I understand that the problem with that approach is for other binaries than the service. for example, for your pleroma_ctl you would have to do something like
RELEASE_COOKIE=$(cat cookie_path) "${pleroma}"/bin/pleroma_ctl create if you want to run it from the cli. Are you saying that would be too inconvenient ? (just want to clarify).

@picnoir
Copy link
Member Author

picnoir commented Mar 29, 2022

Individually answering the questions.

If we make sure that in the module we make for software, the cookie has to be defined, would that not solve our problem ?

👍 It does for the binaries meant to be used as long running services.

I'm not sure yet what is the problem with enforcing that the cookie is set in the nixos module.

I don't see any either for binaries meant to be used as long running services.

To be sure, here is what I am advocating for
https://github.com/NixOS/nixpkgs/blob/nixos-unstable/nixos/modules/services/web-apps/plausible.nix#L237
I noticed that you are adding a wrapper for the cookie directly in the package, I think it should be done in the module if possible.

👍

if you want to run it from the cli. Are you saying that would be too inconvenient ? (just want to clarify).

Yes. This whole story started out by a confused user pinging me on IRC facing this exact error (not being able to run pleroma_ctl from the CLI), they were rightfully confused by the following error message:

cat: /nix/store/5bl9vq8acxf7h6s0rdxwm08g6p32sqs8-pleroma-2.4.2/releases/COOKIE: No such file or directory

My knowledge of Erlang and Elixir is very limited, I took this opportunity to dig a bit more into EVM.

I now realize this whole story boils down to the threat model you had in mind when writing this. Since I'm a novice here, I'm going to describe what I see as the current threat model. Could you confirm this is what you had in mind, just to make sure we're at the same page here?
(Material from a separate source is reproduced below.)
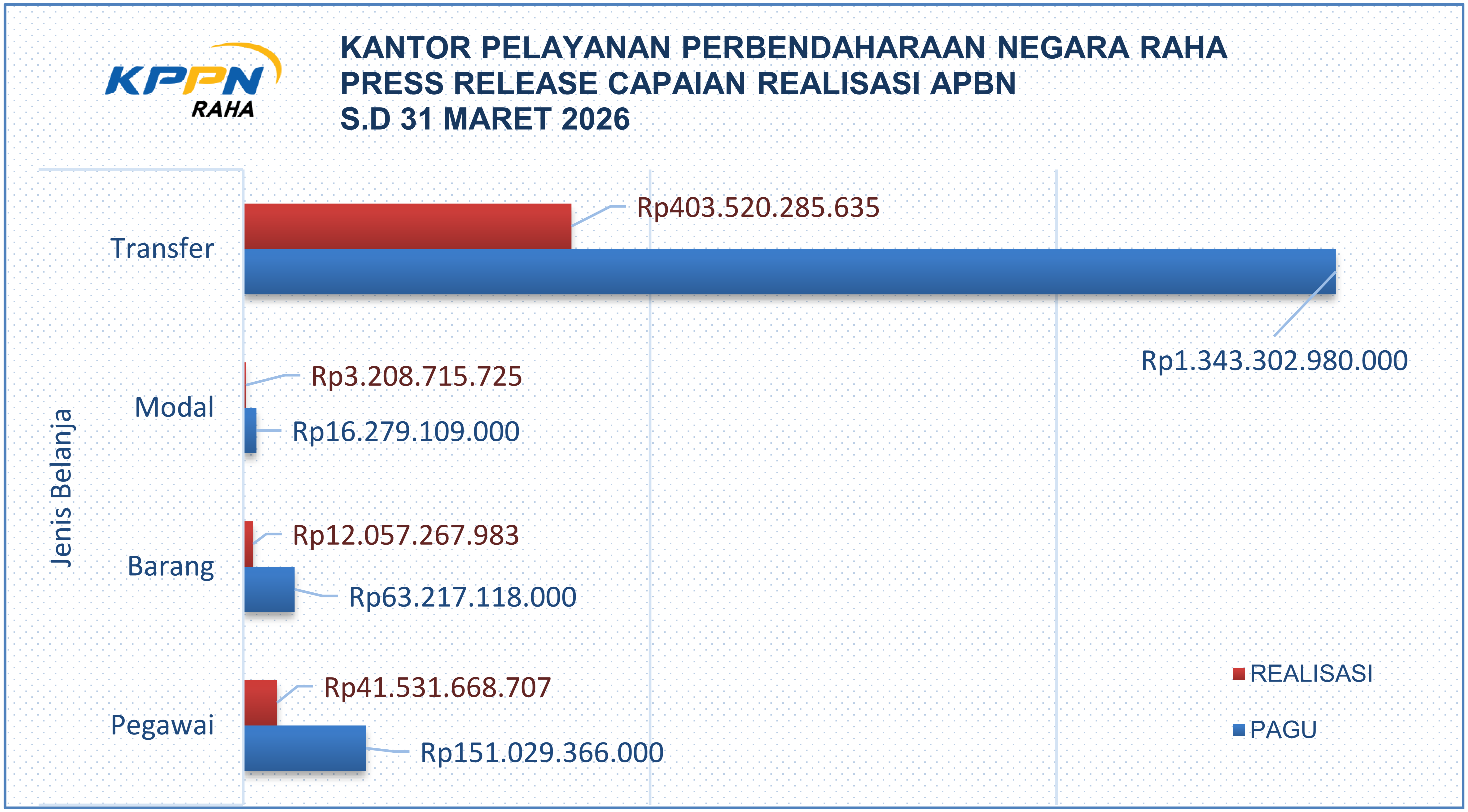 Sampai dengan bulan Maret 2026, KPPN Raha telah menyalurkan sebesar 29,25% atau sebesar Rp460.317.938.050,- dana APBN dari total pagu Rp1.573.828.573.000,- dengan jenis Belanja yang terdiri dari Belanja Pegawai, Belanja Barang, Belanja Modal, dan Belanja Transfer. Berikut gambaran rincian realisasi APBN per jenis belanja :

From what I can tell, elixir uses the RELEASE_DISTRIBUTION value to determine whether epmd will be disabled, listening on localhost or listening for external connections. It defaults to sname, which, quoting the doc here, "allows access only within the current system". As far as I can tell, there's currently no way to override this variable in the current Nixpkgs BEAM infra, meaning there's no way for a Erlang node living on another host to connect with the node. In conclusion, regardless where we store the cookie (in the store, in a protected folder), we won't be carelessly exposing the Erlang node on internet.
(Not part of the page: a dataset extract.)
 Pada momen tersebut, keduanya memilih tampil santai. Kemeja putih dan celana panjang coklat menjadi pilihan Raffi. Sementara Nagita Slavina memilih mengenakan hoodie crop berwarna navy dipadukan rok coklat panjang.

Now, let's consider the local users. If we were to store the release cookie in the Nix store, it would mean that any user having access to the machine running the Erlang node could get an interactive access to it provided they can find the world-readable cookie in the Nix store. This is the unacceptable part leading us not to store the running cookie to the store.

^ Is this threat model correct or am I (once again) missing something?


In the end, I think this situation boils down to a single question: how common is it to find Elixir binaries meant to be both short-lived and used interactively 1.

  • If it's fairly common, we should find a clever way to setup a dummy cookie that could potentially live in the store provided the short-lived nature of the node using it.
  • If it's uncommon, then it's probably more sensible to leave things are they are and manually patch pleroma_ctl in the end.

Footnotes

  1. ie. is pleroma_ctl a really weird and uncommon use case of elixir?

@DianaOlympos
Copy link
Contributor

I would say that in general, yes, having elixir short lived command line tools is "relatively" rare except for server side stuff managing an elixir application, and in this case it is expecting the operators know enough to handle the work needed to make it work. the Erlang system are not really meant for short lived stuff.

@happysalada
Copy link
Contributor

We had a brief discussion offline with NinjaTrappeur.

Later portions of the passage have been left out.